Allerdings kommen die Hochqualifizierten nicht um jeden Preis zurück. Für Rohleder und seine Partnerin ist klar: "Wir können uns nicht vorstellen, dass einer eine Professur annimmt und der andere in eine untergeordnete oder gar befristete Position tritt. Das ist jedoch meist die Lösung, die einem eine deutsche Hochschule bieten kann." In den USA schaffe man dagegen dann häufig einfach eine zweite Professur.

Schlechter Umgang mit dem Nachwuchs

Viele Hochschulen haben zwar schon erkannt, dass sie um den Top-Nachwuchs werben müssen.

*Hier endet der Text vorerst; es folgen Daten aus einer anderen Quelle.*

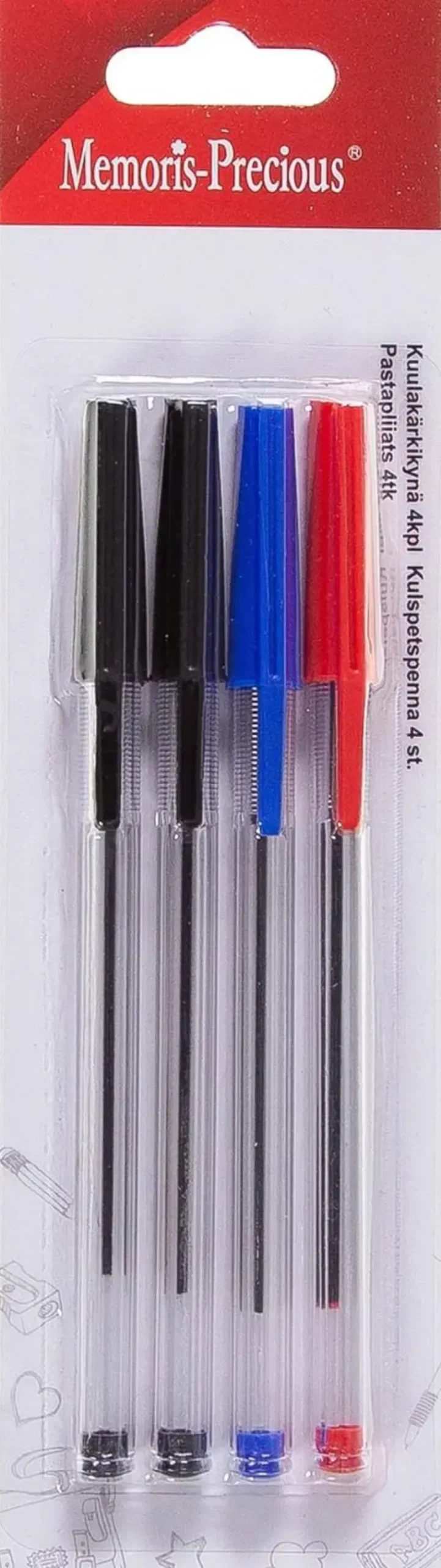 Kuulakärkikynäsetti. Pakkauksessa 1 Punainen, 1 Sininen Ja 2 Mustaa Kynää.

Aber das geht noch nicht weit genug, findet der Biologe Andreas Schmidt, Beirat bei "German Academic International Network" (GAIN) und selbst im Ausland. "Wenn wir an der Uni Singapur Postdocs anstellen, würden wir ihnen das niedrige Gehalt eines deutschen Juniorprofessors nicht einmal anbieten." In der Industrie sei das ähnlich. Der 33-Jährige kennt solche Probleme allerdings inzwischen nur noch aus Erzählungen. Er gründete von der Uni in Singapur aus das Biotech-Unternehmen AyoxxA mit. Derzeit ist er aber auf dem Weg zurück nach Deutschland: AyoxxA eröffnet demnächst einen Standort in Köln - das bot sogar bessere Bedingungen als Boston.

"Ich werde eine große Gruppe leiten. Würde ich mich bei einem deutschen Unternehmen auf eine Stelle mit ähnlicher Verantwortung bewerben, würden die mir nicht mal antworten", sagt Schmidt, "So aber rede ich, wenn ich zum Beispiel den Einstieg bei Bayer suche, mit den Vorstandsmitgliedern."